The popularity of the Maoists makes their revolutionary theories that much more disturbing. They seemed to have learned nothing from recent history. Comrade Prachanda, the nom de guerre of the top Maoist leader in Nepal, praised Mao in a 1998 interview for saying that one half of the world's population might have to be destroyed so that a totally classless society could be born. "It's not that Mao was irresponsible for saying that," he said. "It was the spirit of making a new world. It was the spirit of transforming the world."
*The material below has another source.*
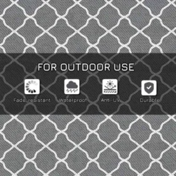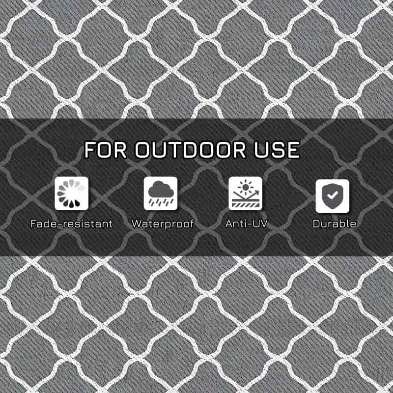 Enhance your outdoor experience with the Outsunny Waterproof Outdoor Rug. This versatile garden rug is perfect for camping, picnics, festivals, or simply relaxing in your garden. Its foldable design allows for easy portability and storage. Made from durable and water-resistant material, it withstands outdoor use. The reversible design provides the option to use both sides, extending its lifespan. With a protective coating, it resists sun fading and damage. The outdoor carpet comes with corner straps and ground nails for secure placement. It includes a convenient carry bag for safe transportation. Create a cozy and stylish outdoor space with this functional and practical outdoor rug.

Most of the poor to whom the Maoists have given a measure of misplaced hope don't know anything about Maoist ideology -- its disdain for religion, for example, or its history of cataclysmic purges. They only know that multi-party democracy has so far been synonymous with an abandonment of the kind of social solidarity on which their lives depend, and that the Maoists have raised that tattered flag.
The Maoist revolution in Nepal may seem like an insignificant conflict in a faraway place. But it has something to teach us. Two billion of the world's people live in conditions roughly analogous to those of most Nepalese. Many of these people are also experiencing unbearable hardships at least partly associated with economic policies imported from the West. Western democracy's victory over communist totalitarianism was only a respite. Struggles still loom -- whether with communism, fundamentalism or ideologies that haven't yet been named. A democracy that goes to sleep on the job of ensuring the welfare of its people -- including its poorest citizens -- will breed strange monsters.

Micha Odenheimer is a rabbi and journalist who lives in Jerusalem.